Et il n’est visiblement plus exclu que le parti d’Eisenhower et de Reagan se soit laissé abuser par un démagogue véreux dont le style, la vie et le credo vaudraient trahison, non seulement des idéaux, mais des intérêts du pays.

Encore une considération divertissante. On se référera au livre de Davet et Lhomme pour appliquer la même phrase à François Hollande. Mais ce dernier est russophobe et europhile, il est courbé devant la nomenklatura française, donc il est exclu de reconnaître les innombrables trahisons de nos intérêts auxquelles il s’est livré.

Les élites parisiennes assument de mieux en mieux leur cynisme

Que nous dit BHL lorsqu’il parle de Trump? Que la démocratie file un mauvais coton parce qu’elle n’obéit plus à ses élites. BHL porte haut et fort les réflexes de caste qui expliquent pourquoi, depuis plusieurs mois, les médias subventionnés accablent les Français d’une vision systématiquement partiale et stigmatisante de Trump. Trump est un candidat de rupture, il refuse le multilatéralisme et promeut une nouvelle relation avec la Russie qui inquiète le complexe militaro-industriel américain, que nous pourrions appeler le gouvernement profond.

Et cette perte de pouvoir-là est vécue comme une crime de lèse-majesté par nos petits marquis. Ainsi donc, ce qu’on appelle la démocratie représentative est devenue le faux nez d’une hégémonie exercée sur la société par une élite avaricieuse.

Nos élites ne comprennent pas le changement du monde

Que retirer de cette longue campagne de dénigrement menée en France contre Trump? sinon que nos élites qui orchestrent ce discours, souvent avec efficacité, ne comprennent rien aux nouvelles dynamiques du monde. De fait, depuis vingt ans, la France empile les mauvais choix internationaux.

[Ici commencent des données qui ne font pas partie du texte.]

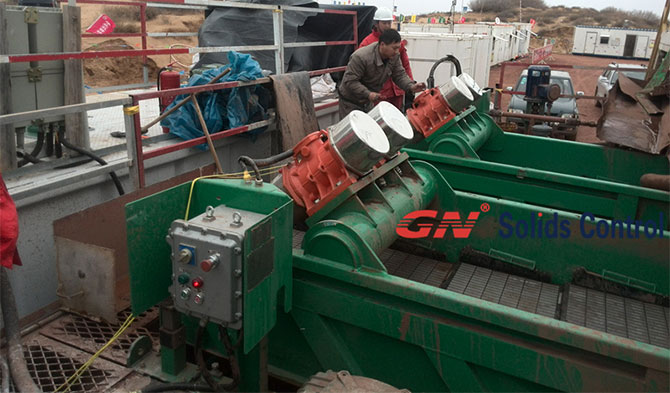 高G機振蕩器一般用于水基泥漿鉆屑處理。從振動篩排出后,廢屑將通過螺旋輸送器運送到高G機振動篩。經(jīng)過其干燥篩分后,鉆屑的含液量將至少降低10%。  2015.5.20 high G dryer shaker for SINOPEC

Il y a d’abord eu ce consentement donné à la reconstitution du Reich (dont l’histoire montre qu’il a toujours été funeste) et à sa domination, avec l’acceptation du traité de Maastricht. Il y a cette obsession du couple franco-allemand. Il y a ce marquage à la culotte par la diplomatie américaine. Il y a ces guerres déclarées à nos alliés arabes historiques: la Libye en partie, la Syrie toujours. Mais on dira la même chose de l’abandon de la Tunisie, de la Palestine, et des chrétiens d’Orient que nous protégions traditionnellement aux côtés des Russes.

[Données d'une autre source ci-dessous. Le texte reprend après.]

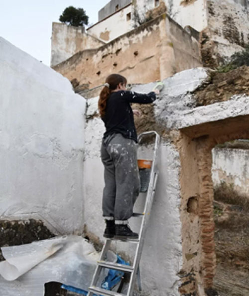 A casa caiada é uma casa pintada com tinta de cal. Antes de haverem tintas acrílicas e tudo mais, era com isto que se pintava nas aldeias. Na maioria, era um trabalho feito por mulheres, que se ajudavam umas às outras. Às vezes era um dia inteiro em que a aldeia fazia o mesmo. A mim interessa-me muito esta luz e obviamente a simbologia da cal.

Il y a aussi cette insane politique en Afrique, où nous laissons le champ libre aux Chinois, aux Américains et à d’autres, à force de ne plus assumer l’influence que nous avons exercée sur ce continent.

Partout le monde change, et la France se sclérose. Partout le monde se modernise, et les élites archaïsent la France. Elles demeurent de façon indélébile attachées aux doctrines qu’elles ont apprises dans des écoles compassées qui vivent à côté, à l’écart du progrès.

Le rayonnement français suppose un renouvellement des élites

La conclusion de ce joyeux désordre est bien connue. La France, historiquement, ne parvient jamais à se réformer de façon rationnelle de l’intérieur. Elle a toujours besoin d’un choc exogène suivi d’une implosion pour se régénérer, avec des élites nouvelles.

Allez, on retourne le sablier et on compte les minutes.

Hollande et l’exorcisme démocratique

Hollande exorcise la démocratie et montre le vrai visage de la République: celui d’un régime politique cynique, fondamentalement aristocratique et manipulateur. Telle est la leçon à retenir du livre de confidences de Davet et Lhomme intitulé « Un Président ne devrait pas dire ça », et dont le titre donne d’emblée la dimension du malaise qu’il suscite.

Hollande et ses courtisans, ou le bal des faux-culs

On s’amusera d’abord des réactions de vierges effarouchées prêtées à Bartolone (qui n’a pas « l’envergure » d’un Premier Ministre, selon Hollande) ou à Ayrault. Il paraît que ces vieux routards de la politique sont froissés, vexés par les propos que le Président a tenus à leur endroit auprès des journalistes qu’il recevait. Comme si Bartolone et Ayrault ne pratiquaient pas eux-mêmes le cynisme instrumentalisant de Hollande. Comme s’ils s’attendaient à autre chose de sa part.

Il suffisait pourtant, au lendemain de la victoire de Hollande à la primaire socialiste, d’entendre les commentaires dans les couloirs de la rue de Solferino pour savoir que tout ce petit monde connaissait tous les vices de Hollande (notamment l’incapacité à passer à l’acte) depuis longtemps.

En vérité, Barto et Ayrault sont fâchés de découvrir que Hollande était plus proche des journalistes que d’eux. Et ça, ça fait vraiment mal! nous, les hiérarques de la République, découvrir que le monarque parlait de nous à des manants! voilà qui est inadmissible.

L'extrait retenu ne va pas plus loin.